------ Extracted entries ------

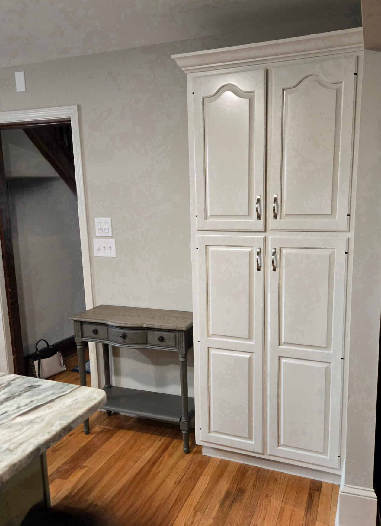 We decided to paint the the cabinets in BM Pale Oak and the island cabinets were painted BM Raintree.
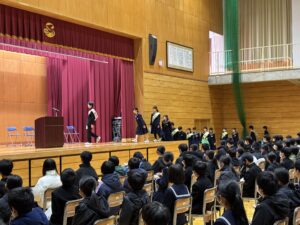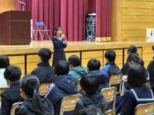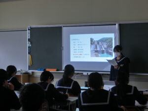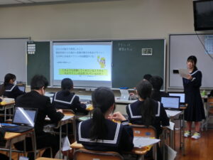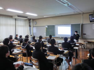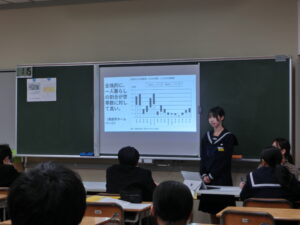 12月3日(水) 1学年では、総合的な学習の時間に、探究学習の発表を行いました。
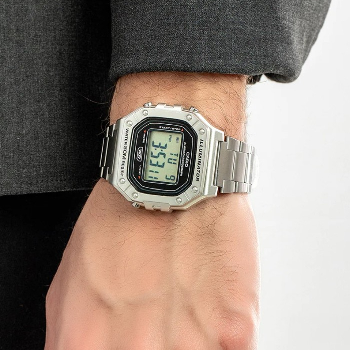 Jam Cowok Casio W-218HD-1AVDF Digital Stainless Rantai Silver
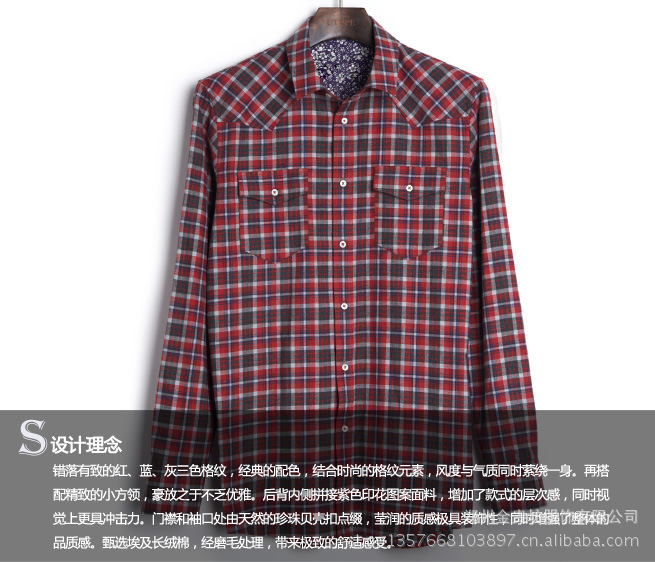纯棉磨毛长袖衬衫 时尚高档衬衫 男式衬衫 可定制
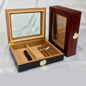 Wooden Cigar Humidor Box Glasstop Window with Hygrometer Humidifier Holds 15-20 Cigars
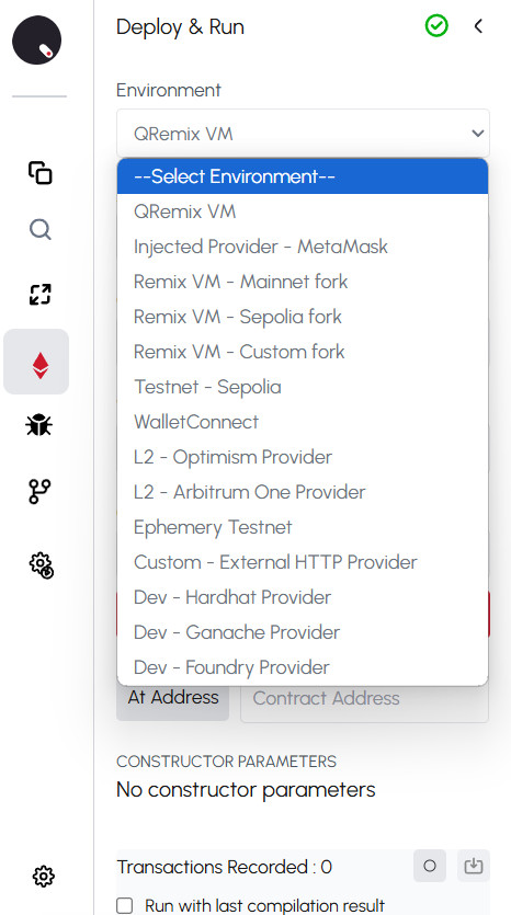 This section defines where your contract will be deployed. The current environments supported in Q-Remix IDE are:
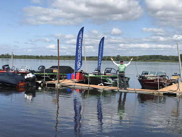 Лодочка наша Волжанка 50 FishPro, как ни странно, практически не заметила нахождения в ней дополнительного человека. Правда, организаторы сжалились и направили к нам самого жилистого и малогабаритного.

------

### Instructions for the task
Only lines belong in the copy, not pictures: write out exactly the lines of the records from the first through the one holding "Wooden Cigar Humidor".

### Output for this task
 We decided to paint the the cabinets in BM Pale Oak and the island cabinets were painted BM Raintree.
 12月3日(水) 1学年では、総合的な学習の時間に、探究学習の発表を行いました。
 Jam Cowok Casio W-218HD-1AVDF Digital Stainless Rantai Silver
纯棉磨毛长袖衬衫 时尚高档衬衫 男式衬衫 可定制
 Wooden Cigar Humidor Box Glasstop Window with Hygrometer Humidifier Holds 15-20 Cigars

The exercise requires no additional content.